MATERIALS PROVIDED:
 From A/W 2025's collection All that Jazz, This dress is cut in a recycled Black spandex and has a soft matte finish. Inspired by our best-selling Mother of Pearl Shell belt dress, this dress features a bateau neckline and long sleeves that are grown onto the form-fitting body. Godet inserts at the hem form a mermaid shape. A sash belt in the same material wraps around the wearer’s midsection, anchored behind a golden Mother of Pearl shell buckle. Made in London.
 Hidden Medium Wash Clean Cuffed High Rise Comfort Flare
--
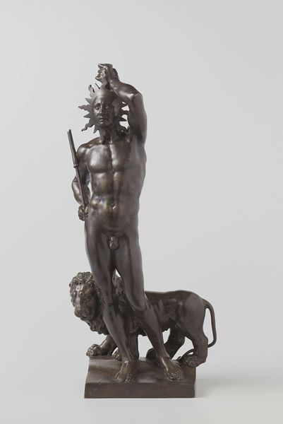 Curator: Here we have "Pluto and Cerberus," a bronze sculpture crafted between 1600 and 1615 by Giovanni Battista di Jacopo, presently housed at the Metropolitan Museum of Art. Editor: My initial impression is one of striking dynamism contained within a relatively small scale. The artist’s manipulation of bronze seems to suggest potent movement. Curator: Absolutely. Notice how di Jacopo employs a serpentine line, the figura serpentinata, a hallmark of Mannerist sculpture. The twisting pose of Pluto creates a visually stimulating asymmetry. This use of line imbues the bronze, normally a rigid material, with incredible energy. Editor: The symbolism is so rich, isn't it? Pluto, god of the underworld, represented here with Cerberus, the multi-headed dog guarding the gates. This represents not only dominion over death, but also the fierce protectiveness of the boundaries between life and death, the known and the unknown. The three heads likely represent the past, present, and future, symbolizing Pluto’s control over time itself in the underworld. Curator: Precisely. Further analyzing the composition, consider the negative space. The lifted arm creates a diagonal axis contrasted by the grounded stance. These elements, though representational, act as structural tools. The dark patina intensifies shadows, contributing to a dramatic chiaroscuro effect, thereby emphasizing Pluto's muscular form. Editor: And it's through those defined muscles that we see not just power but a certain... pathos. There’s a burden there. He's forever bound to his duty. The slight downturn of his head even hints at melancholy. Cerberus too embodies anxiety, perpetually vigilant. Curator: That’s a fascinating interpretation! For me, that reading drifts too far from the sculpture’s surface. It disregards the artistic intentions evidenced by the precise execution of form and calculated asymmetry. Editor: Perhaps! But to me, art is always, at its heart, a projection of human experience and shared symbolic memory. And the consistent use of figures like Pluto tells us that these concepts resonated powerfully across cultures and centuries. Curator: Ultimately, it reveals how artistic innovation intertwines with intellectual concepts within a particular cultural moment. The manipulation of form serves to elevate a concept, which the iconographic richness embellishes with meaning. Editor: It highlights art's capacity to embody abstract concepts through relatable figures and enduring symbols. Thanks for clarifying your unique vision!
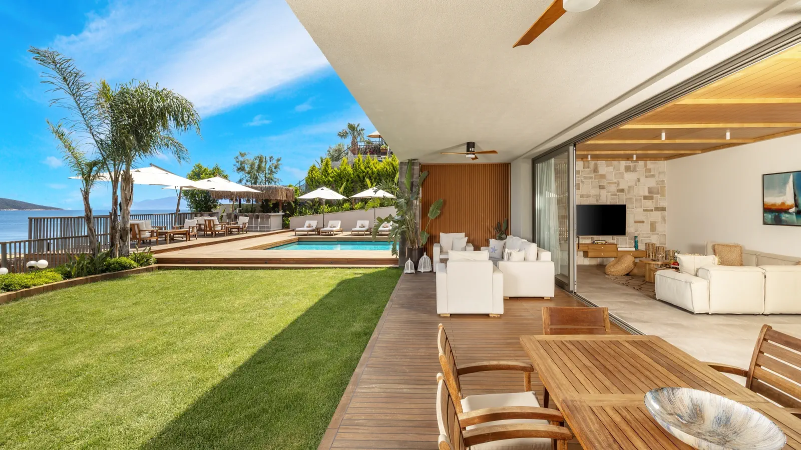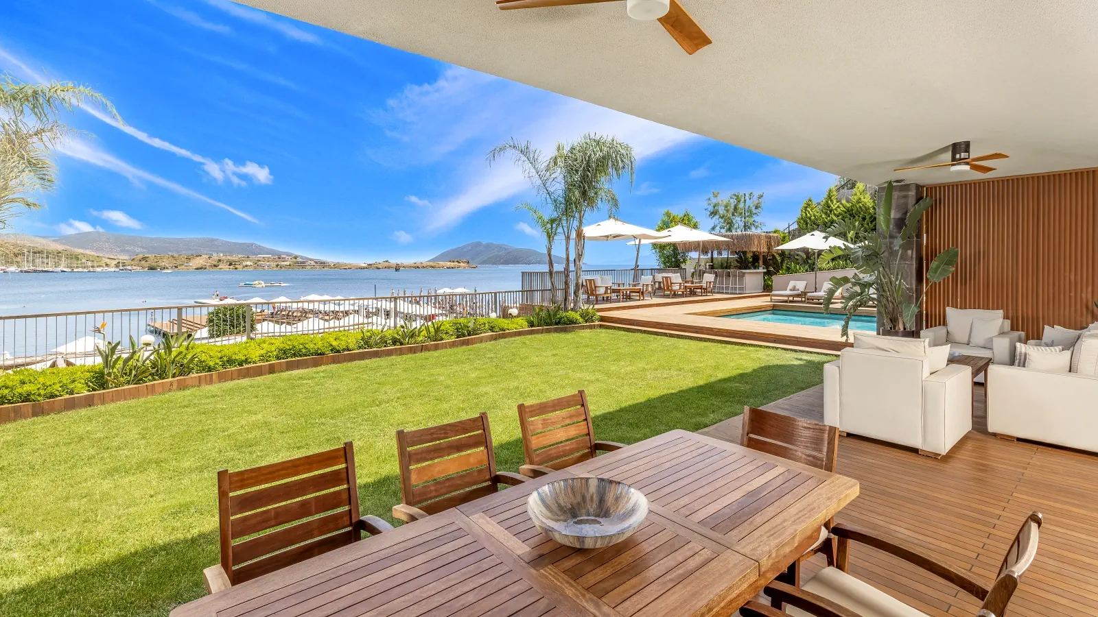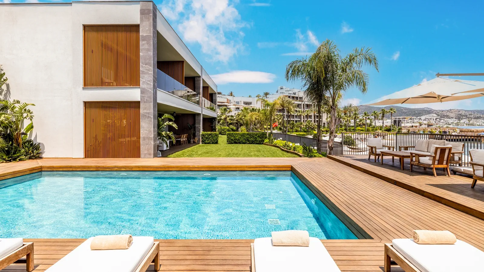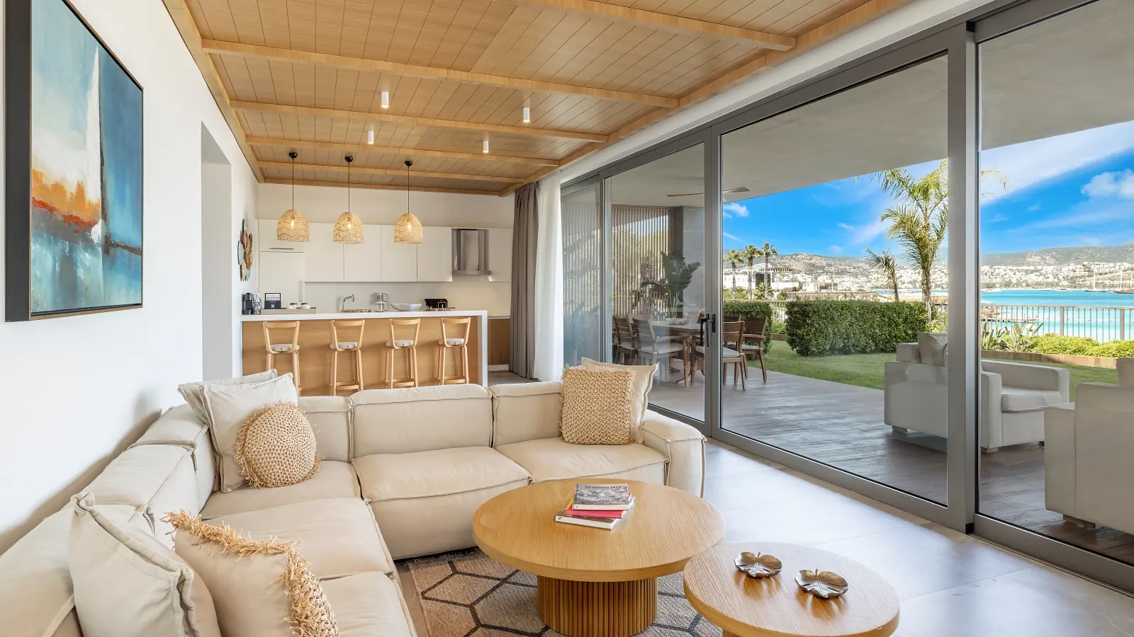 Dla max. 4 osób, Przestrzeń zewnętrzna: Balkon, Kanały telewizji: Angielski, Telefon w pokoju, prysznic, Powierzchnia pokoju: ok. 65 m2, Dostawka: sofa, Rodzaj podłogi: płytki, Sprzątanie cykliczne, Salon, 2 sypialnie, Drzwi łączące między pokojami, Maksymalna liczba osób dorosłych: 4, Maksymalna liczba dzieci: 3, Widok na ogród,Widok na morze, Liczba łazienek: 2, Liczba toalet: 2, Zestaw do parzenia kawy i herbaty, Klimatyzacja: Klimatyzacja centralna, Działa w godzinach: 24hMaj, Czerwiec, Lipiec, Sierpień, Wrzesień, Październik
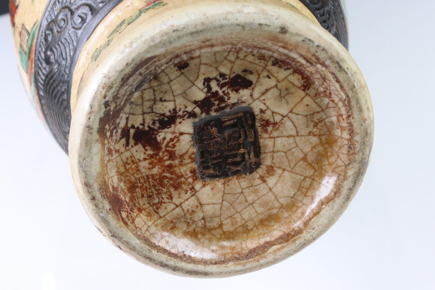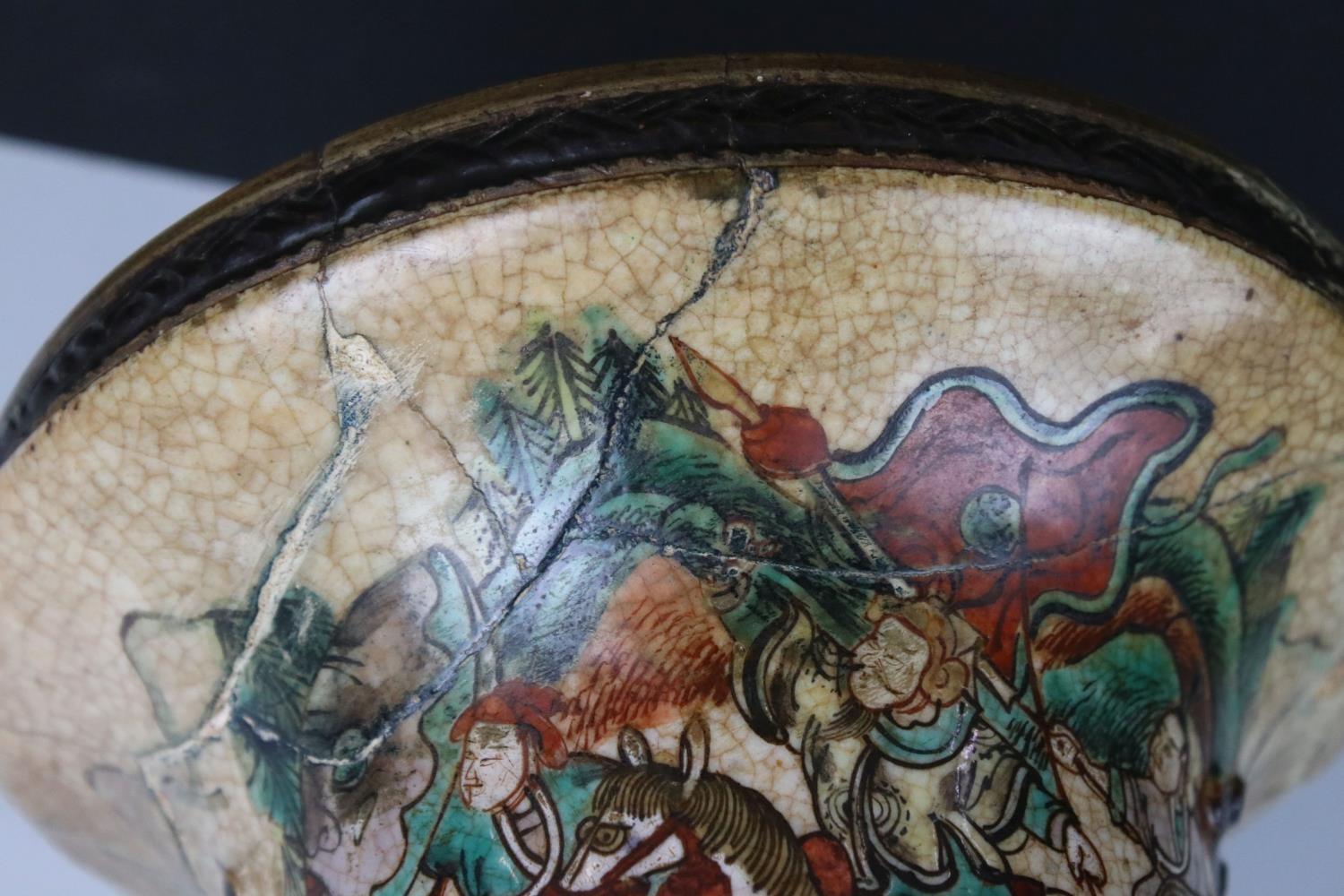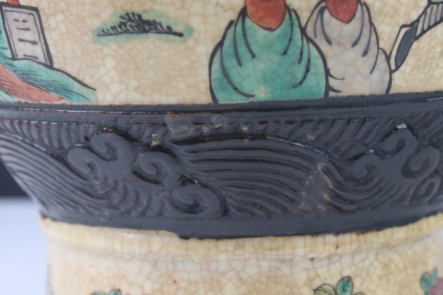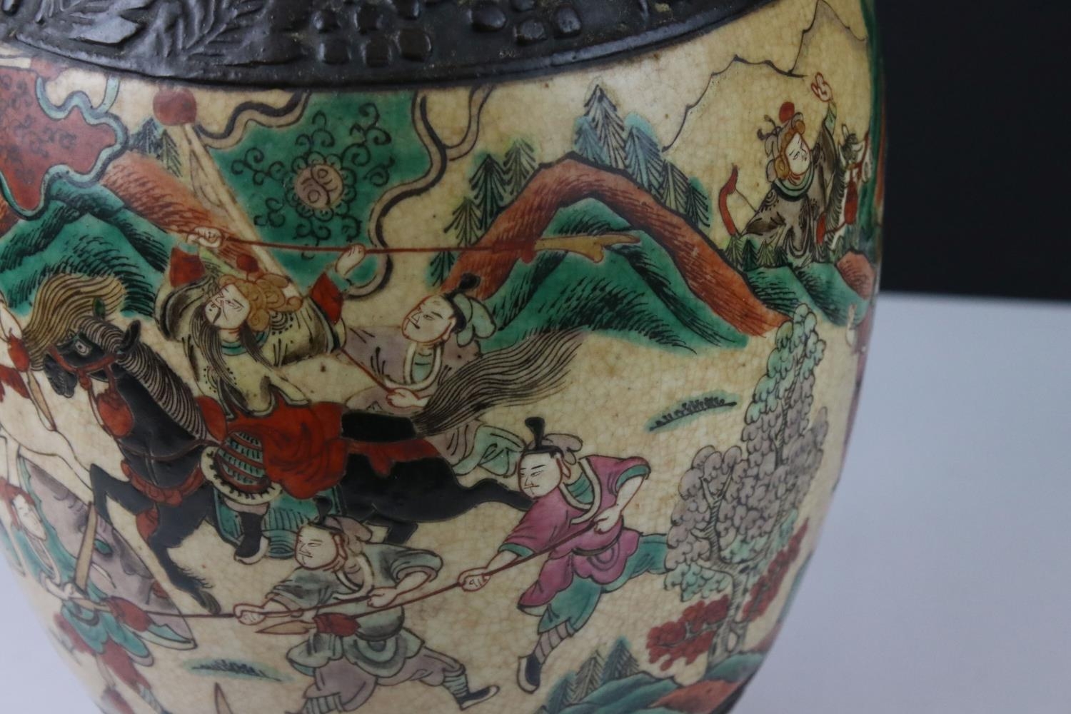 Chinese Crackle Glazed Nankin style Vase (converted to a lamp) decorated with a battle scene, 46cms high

WHAT TO DO:
Transcribe only the lines above that start at the line containing "Dla max. 4 osób, Przestrzeń" and end at the line containing "Chinese Crackle Glazed". Omit pictures.

RESULT OF THE TASK:
 Dla max. 4 osób, Przestrzeń zewnętrzna: Balkon, Kanały telewizji: Angielski, Telefon w pokoju, prysznic, Powierzchnia pokoju: ok. 65 m2, Dostawka: sofa, Rodzaj podłogi: płytki, Sprzątanie cykliczne, Salon, 2 sypialnie, Drzwi łączące między pokojami, Maksymalna liczba osób dorosłych: 4, Maksymalna liczba dzieci: 3, Widok na ogród,Widok na morze, Liczba łazienek: 2, Liczba toalet: 2, Zestaw do parzenia kawy i herbaty, Klimatyzacja: Klimatyzacja centralna, Działa w godzinach: 24hMaj, Czerwiec, Lipiec, Sierpień, Wrzesień, Październik
 Chinese Crackle Glazed Nankin style Vase (converted to a lamp) decorated with a battle scene, 46cms high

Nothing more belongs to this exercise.